In connection with the Company's assessment of going concern considerations in
accordance with ASC Subtopic 205-40, "Presentation of Financial Statements -
Going Concern", the Company has until September 3, 2023 to consummate a Business
Combination. If a Business Combination is not consummated by this date, there
will be a mandatory liquidation and subsequent dissolution of the Company.
Although the Company intends to consummate a Business Combination on or before
September 3, 2023, it is uncertain whether the Company will be able to
consummate a Business Combination by this time. Management has determined that
the mandatory liquidation, should a Business Combination not occur and potential
subsequent dissolution, as well as the potential for the Company to have
insufficient funds available to operate our business prior to a Business
Combination, raise substantial doubt about the Company's ability to continue as
a going concern. It is uncertain whether the Company will be able to consummate
a Business Combination by this time. No adjustments have been made to the
carrying amounts of assets or liabilities should the Company be required to
liquidate after September 3, 2023.
Off-Balance Sheet Financing Arrangements
We have no obligations, assets or liabilities, which would be considered
off-balance sheet arrangements as of September 30, 2022. We do not participate
in transactions that create relationships with unconsolidated entities or
financial partnerships, often referred to as variable interest entities, which
would have been established for the purpose of facilitating off-balance sheet
arrangements. We have not entered into any off-balance sheet financing
arrangements, established any special purpose entities, guaranteed any debt or
commitments of other entities, or purchased any non-financial assets.
Contractual Obligations
We do not have any long-term debt, capital lease obligations, operating lease
obligations or long-term liabilities, other than an agreement to pay an
affiliate of the Sponsor a monthly fee of $20,000 for office space,
administrative and support services. We began incurring these fees on August 31,
2021 and will continue to incur these fees monthly until the earlier of the
completion of our initial Business Combination and our liquidation.

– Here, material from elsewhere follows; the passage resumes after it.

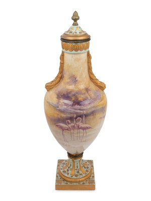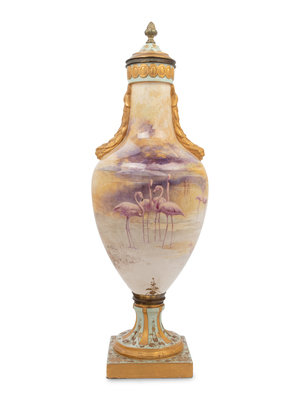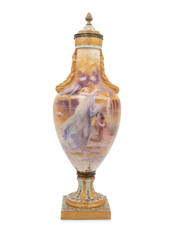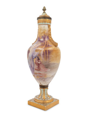 A French Painted and Parcel Gilt Porcelain Urn

Critical Accounting Policies and Significant Judgments and Estimates
We prepare our financial statements in accordance with accounting principles
generally accepted in the United States of America. The preparation of financial
statements also requires us to make estimates and assumptions that affect the
reported amounts of assets, liabilities, costs and expenses and related
disclosures. We base our estimates on historical experience and on various other
assumptions that we believe to be reasonable under the circumstances. Actual
results could differ significantly from the estimates made by our management.
There have been no material changes to our critical accounting policies and
estimates from those disclosed in our financial statements and the related notes
and other financial information included in our Form 10-K for the year ended
December 31, 2021, on file with the SEC.